First Department of Internal Medicine, Gunma University School of Medicine, 3–39-22, Maebashi Gunma, 371, Japan

Address all correspondence and requests for reprints to: Noriyuki Sato, M.D., Ph.D., First Department of Internal Medicine, Gunma University School of Medicine, 3–39-22, Showa, Maebashi, Gunma, 371, Japan. E-mail: satonori{at}sb.gunma-u.sc.jp

Neutrophil function is impaired by a known mechanism in diabetic patients, thus increasing susceptibility to infections. We studied the effect of epalrestat, an aldose reductase inhibitor, on the generation of oxygen-derived free radicals and cytosolic sorbitol concentration in neutrophils from streptozotocin-induced diabetic rats.

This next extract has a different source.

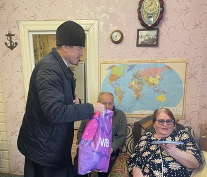Священнослужитель пообщался с прихожанами на духовные темы, рассказал о предстоящем празднике архистратига Божия Михаила и прочих Небесных Сил бесплотных, а также оказал помощь продуктами питания.

There were four groups: treated and untreated control and diabetic rats. Treated groups were given 0.075% epalrestat in their diet for 4 weeks from the induction of diabetes and were untreated for the subsequent 4 weeks. Oxygen radicals were measured as chemiluminescence amplified by a luciferin analog [Cypridina luciferin analog-dependent chemiluminescence (CLA-DCL), which is dependent on O₂^- generation] and luminol (L)-DCL, which is highly dependent on OCl^- generation) in response to formyl-methonyl-leucyl-phenylalanine. Diabetes resulted in a significant decrease in CLA/L-DCL and a significant increase in sorbitol (P < 0.01); there was a negative correlation between sorbitol and CLA-DCL (P < 0.05) in diabetic groups. The 4-week treatment with epalrestat in the diabetic group completely prevented the increase in sorbitol and partially improved the CLA-DCL, although L-DCL was not significantly affected. After 4 weeks off treatment, CLA-DCL decreased and sorbitol increased. Treatment had no effect on serum insulin or glucose concentration. We conclude that an increase in sorbitol in neutrophils causes, in part, an impaired generation of O₂^-. Epalrestat improves the impaired O₂^- generation by preventing the sorbitol increase in streptozotocin-induced diabetic rats.